What the task asks – Whenever a picture appears, leave it out while repeating all the other data exactly.

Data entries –
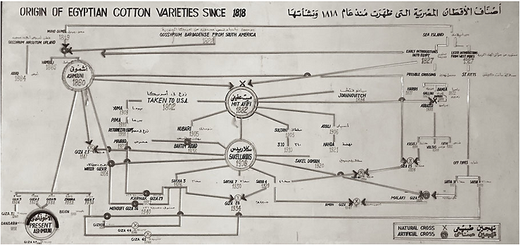 The origin of Egyptian Giza Cotton varieties goes back to 1819, when a French textile engineer by the name of Louis Alexis Jumel tried to persuade Muhammad Ali Pasha that the cultivation of an Ethiopian Cotton variety, discovered at Cairo in the private garden of a Turkish officer called Maho Bey, could revolutionize the whole agricultural output of the country. In 1817, Monsieur Jumel was employed in Egypt by the Pasha as director of a projected spinning and weaving mills. In the course of his visit to the garden, he gleaned all the information Maho Bey possessed on the subject, and procured some seeds of this Cotton. And after having made his estimations he presented to the Pasha a project for increasing his revenues, for which he asked 20.000 dollars. The Pasha consented asking less brilliant but more solid results. So the engineer, associating him-self with a local merchant, took a small lot of ground at the village of Matareya, near the Obelisk of Heliopolis, and commenced a small plantation. The produce in 1820 was three bales, which were shipped to Italy (Trieste); the advices were highly satisfactory to convince the Pasha enough to give him the direction of the large scale Cotton plantations. The year 1822 produced about 1.500 tons of this new Cotton, the staple of which was markedly fine, but more unequal and less clean than that of the ensuing years. Rude presses were constructed for packing the Cotton at the villages; but as the machinery was defective, some of the Alexandrian merchants brought hydraulic presses, with which they caused the bales to be pressed again. The Cotton eventually came to be known as Jumel (or Mahò) and it soon found voracious markets in Europe, especially in England where only the Lancashire mills with the latest machinery could handle the fineness of its quality.
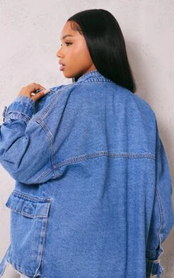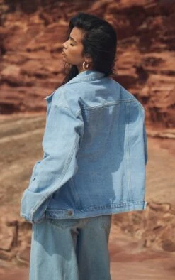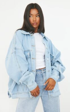 Prettylittlething Light Blue Wash Oversized Drop Shoulder Denim Jacket Light Blue Wash
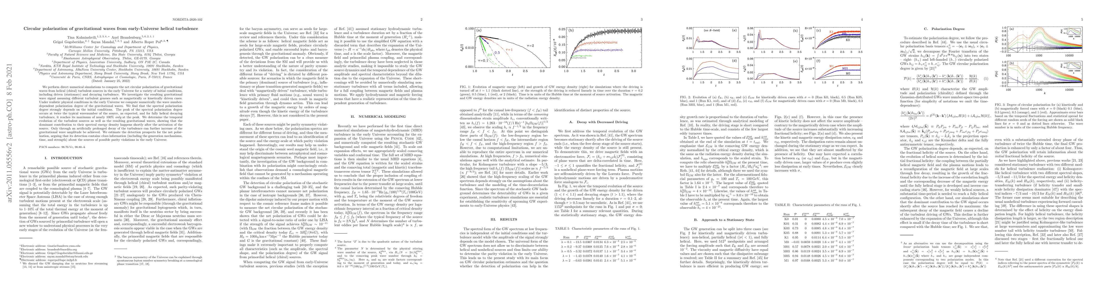 This paper investigates the net circular polarization of gravitational waves from helical turbulence in the early Universe, finding that the spectral polarization degree depends on initial conditions and peaks at twice the source wavenumber. The study suggests that detecting this polarization could provide insights into early Universe parity violations.
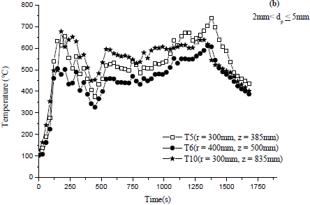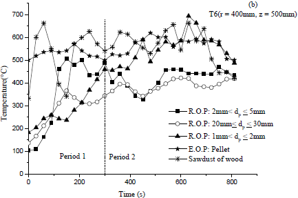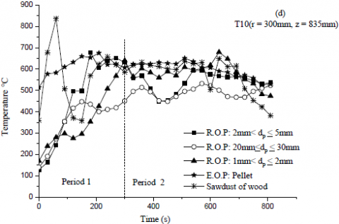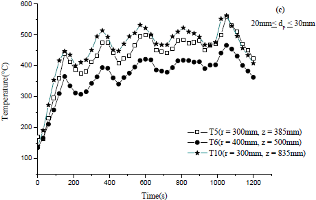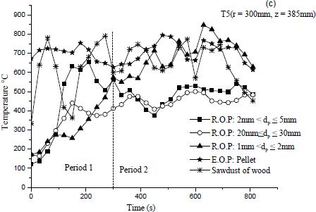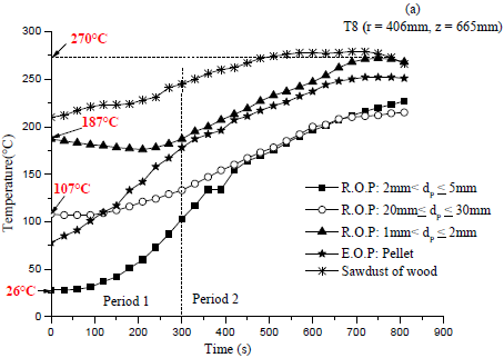 Moreover, the maximal temperature reaches by (R.O.P) is about 270 °C. As for the sawdust of wood, it heats up more and more the external wall combustor which is in direct contact with the heat exchanger device. Figure 7a shows that the external wall temperature increases with decreasing (R.O.P) particle sizes and hence heat released (see Figure 9 (a and b)) which is a guarantee for supplying the external heat exchanger with heat. This is because a smaller particle size improves the moisture evaporation and char burning rates too. Furthermore, it absorbs radiation flux more quickly and raises the burning rate of volatile gaseous fuel which generates higher temperature values. Note that concluding remarks for Figure 7a, especially for period 2, are also valid for Figure 7(b and c) while Figure 7d behaves a little differently since the temperature of large particles ($20mm≤d_p≤30mm$) moves away from that of $2mm<d_p≤5mm$.
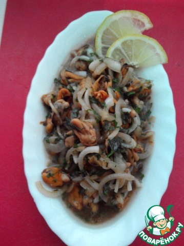 | Думаю рецептик придется по вкусу всем любителям мидий))) можно кушать как теплый салат, а можно и охладить... Блюдо готовится очень быстро, по этому не все процессы сняла)) |
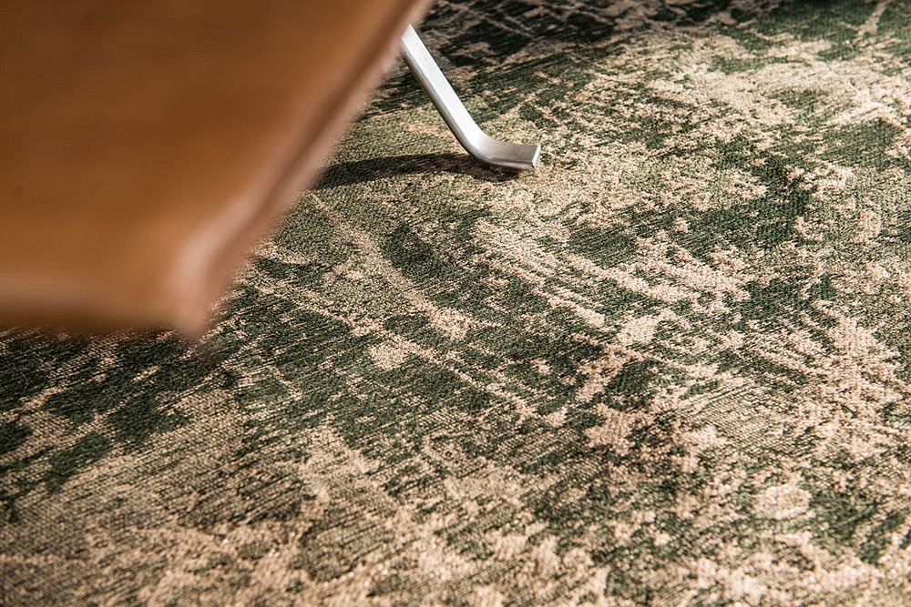 Współczesny zielony dywan DARK PINE 8723, prestiżowej belgijskiej marki Louis De Poortere, z kolekcji Mad Men Cracks . Wykonany jest z 85% bawełny szenilowej (z dodatkiem 15% błyszczącego poliestru dla efektywnego połysku), dzięki czemu dywan jest przyjemny w dotyku, poprawia akustykę pomieszczenia, a jego oddychająca struktura zatrzymuje ciepło wewnątrz, usuwając kurz i chemikalia , oczyszczając powietrze. you breath Płaskie tkanie z gęsto szytym splotem żakardowym pozwala uzyskać bardzo szczegółowy i szczegółowy wzór, zapewniając jednocześnie wytrzymałość i, bardziej niż grube dywany, odporność na odkształcenia pod ciężarem mebli. Ponadto dywan jest łatwy w utrzymaniu czystości dzięki niskiemu włosiu, które łatwo się odkurza. Dzięki gumowej powłoce na spodzie maty mata jest stabilna i nie przesuwa się. Materiał Mat charakteryzuje się niską palnością, a jednocześnie wysoką przewodnością cieplną (certyfikat), dzięki czemu doskonale sprawdza się zarówno w pomieszczeniach kominkowych, jak i ogrzewaniu podłogowym.

Problem solution –
 The origin of Egyptian Giza Cotton varieties goes back to 1819, when a French textile engineer by the name of Louis Alexis Jumel tried to persuade Muhammad Ali Pasha that the cultivation of an Ethiopian Cotton variety, discovered at Cairo in the private garden of a Turkish officer called Maho Bey, could revolutionize the whole agricultural output of the country. In 1817, Monsieur Jumel was employed in Egypt by the Pasha as director of a projected spinning and weaving mills. In the course of his visit to the garden, he gleaned all the information Maho Bey possessed on the subject, and procured some seeds of this Cotton. And after having made his estimations he presented to the Pasha a project for increasing his revenues, for which he asked 20.000 dollars. The Pasha consented asking less brilliant but more solid results. So the engineer, associating him-self with a local merchant, took a small lot of ground at the village of Matareya, near the Obelisk of Heliopolis, and commenced a small plantation. The produce in 1820 was three bales, which were shipped to Italy (Trieste); the advices were highly satisfactory to convince the Pasha enough to give him the direction of the large scale Cotton plantations. The year 1822 produced about 1.500 tons of this new Cotton, the staple of which was markedly fine, but more unequal and less clean than that of the ensuing years. Rude presses were constructed for packing the Cotton at the villages; but as the machinery was defective, some of the Alexandrian merchants brought hydraulic presses, with which they caused the bales to be pressed again. The Cotton eventually came to be known as Jumel (or Mahò) and it soon found voracious markets in Europe, especially in England where only the Lancashire mills with the latest machinery could handle the fineness of its quality.
 Prettylittlething Light Blue Wash Oversized Drop Shoulder Denim Jacket Light Blue Wash
 This paper investigates the net circular polarization of gravitational waves from helical turbulence in the early Universe, finding that the spectral polarization degree depends on initial conditions and peaks at twice the source wavenumber. The study suggests that detecting this polarization could provide insights into early Universe parity violations.
 Moreover, the maximal temperature reaches by (R.O.P) is about 270 °C. As for the sawdust of wood, it heats up more and more the external wall combustor which is in direct contact with the heat exchanger device. Figure 7a shows that the external wall temperature increases with decreasing (R.O.P) particle sizes and hence heat released (see Figure 9 (a and b)) which is a guarantee for supplying the external heat exchanger with heat. This is because a smaller particle size improves the moisture evaporation and char burning rates too. Furthermore, it absorbs radiation flux more quickly and raises the burning rate of volatile gaseous fuel which generates higher temperature values. Note that concluding remarks for Figure 7a, especially for period 2, are also valid for Figure 7(b and c) while Figure 7d behaves a little differently since the temperature of large particles ($20mm≤d_p≤30mm$) moves away from that of $2mm<d_p≤5mm$.
 | Думаю рецептик придется по вкусу всем любителям мидий))) можно кушать как теплый салат, а можно и охладить... Блюдо готовится очень быстро, по этому не все процессы сняла)) |
 Współczesny zielony dywan DARK PINE 8723, prestiżowej belgijskiej marki Louis De Poortere, z kolekcji Mad Men Cracks . Wykonany jest z 85% bawełny szenilowej (z dodatkiem 15% błyszczącego poliestru dla efektywnego połysku), dzięki czemu dywan jest przyjemny w dotyku, poprawia akustykę pomieszczenia, a jego oddychająca struktura zatrzymuje ciepło wewnątrz, usuwając kurz i chemikalia , oczyszczając powietrze. you breath Płaskie tkanie z gęsto szytym splotem żakardowym pozwala uzyskać bardzo szczegółowy i szczegółowy wzór, zapewniając jednocześnie wytrzymałość i, bardziej niż grube dywany, odporność na odkształcenia pod ciężarem mebli. Ponadto dywan jest łatwy w utrzymaniu czystości dzięki niskiemu włosiu, które łatwo się odkurza. Dzięki gumowej powłoce na spodzie maty mata jest stabilna i nie przesuwa się. Materiał Mat charakteryzuje się niską palnością, a jednocześnie wysoką przewodnością cieplną (certyfikat), dzięki czemu doskonale sprawdza się zarówno w pomieszczeniach kominkowych, jak i ogrzewaniu podłogowym.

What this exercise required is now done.